Texas Telemedicine Services Were Provided in Accordance with State Requirements
Why OIG Did This Audit
Medicaid telemedicine services are health services delivered via telecommunication systems. A Medicaid patient located at a patient site uses audio and video equipment to communicate with a physician or licensed practitioner located at a distant site. Medicaid views telemedicine services as a cost-effective alternative to the more traditional face-to-face way of providing medical care.
Medicaid programs have recently demonstrated increased interest in telemedicine services. This audit is one in a series of audits to determine whether selected States complied with Federal and State requirements when claiming Federal reimbursement for telemedicine services.

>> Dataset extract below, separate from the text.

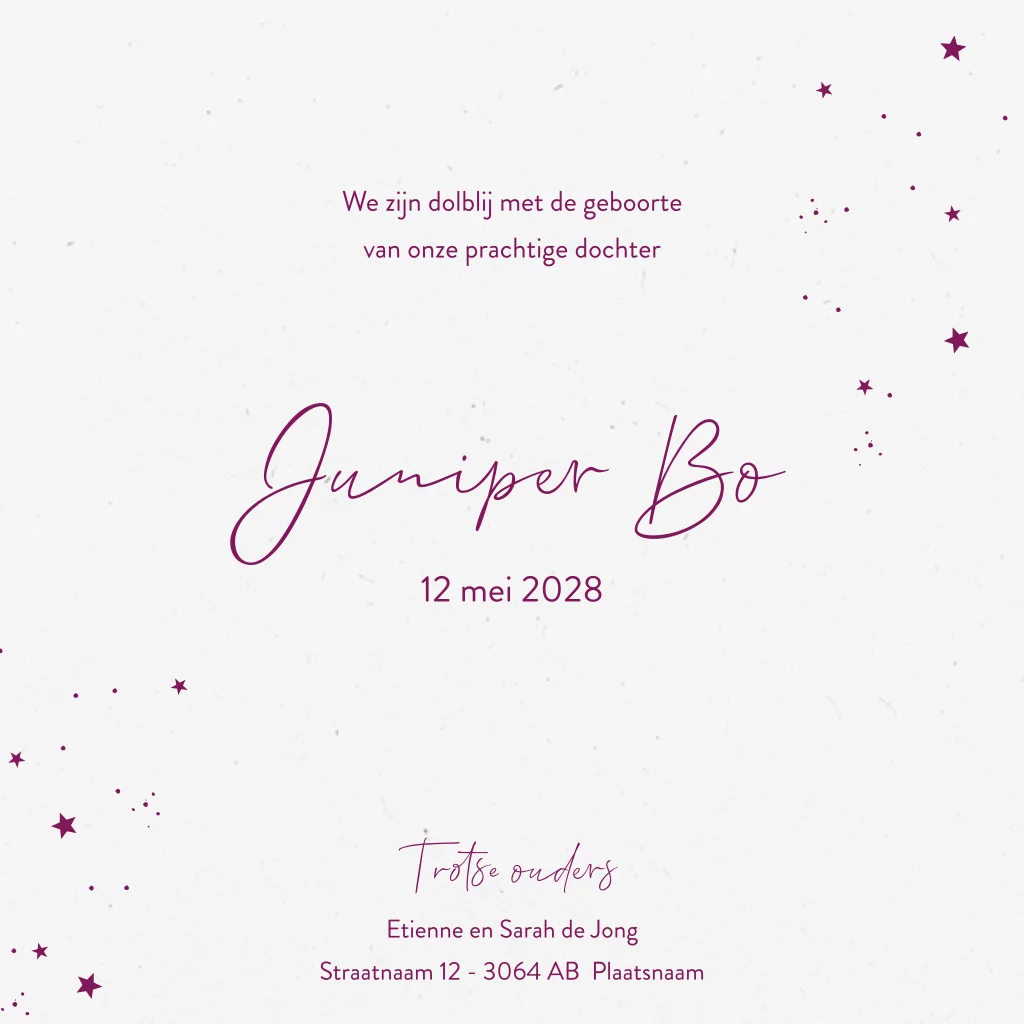 Dit geboortekaartje wordt gedrukt op eco papier, met keuze uit twee soorten. In dit voorbeeld tonen we ons standaard eco papier circle. Bestel eerst een drukproef om het resultaat te beoordelen.
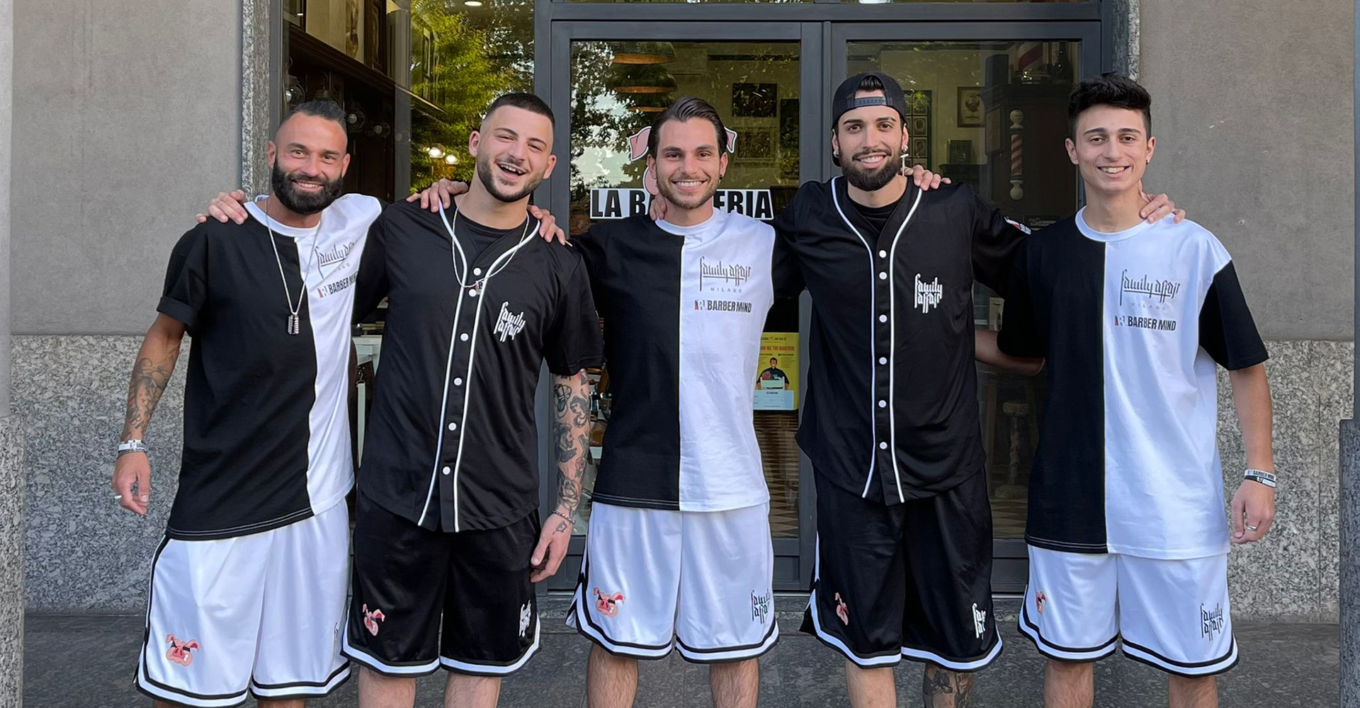 Abbiamo pensato a due divise differenti: la prima è un completo total black, con giacca da baseball e pantaloncini da basket; la seconda invece è bicolor, con maglia in cotone bianca e nera e pantaloncini bianchi! Entrambe espongono il logo de La Barbieria di Milano, di Barber Mind e quello di Family Affair!

Our objective was to determine whether Telemedicine services were allowable in accordance with the Texas Medicaid requirements. Specifically, we reviewed whether these services met the technology, patient and provider location, and documentation requirements
How OIG Did This Audit
Our audit covered Medicaid telemedicine payments totaling $2.5 million ($1.4 million Federal share) made by Texas for services provided in 2015 and 2016. This was the most recent data available at the time we initiated our audit. We selected a judgmental sample of 40 client dates of service for review, totaling $2,836 ($1,661 Federal share).
What OIG Found
We determined that 39 of the 40 client dates of service we reviewed were allowable in accordance with the Texas Medicaid requirements. For the remaining client date of service, the provider submitted a claim for a professional service with the telemedicine modifier, however, we determined that it was a face to face visit and not a telemedicine service. This incorrect billing did not affect the Medicaid payment amount that the provider received.
What OIG Recommends and Texas Comments
This report contains no recommendations.
In written comments on our draft report, Texas agreed with our report and stated it had addressed the one compliance issue.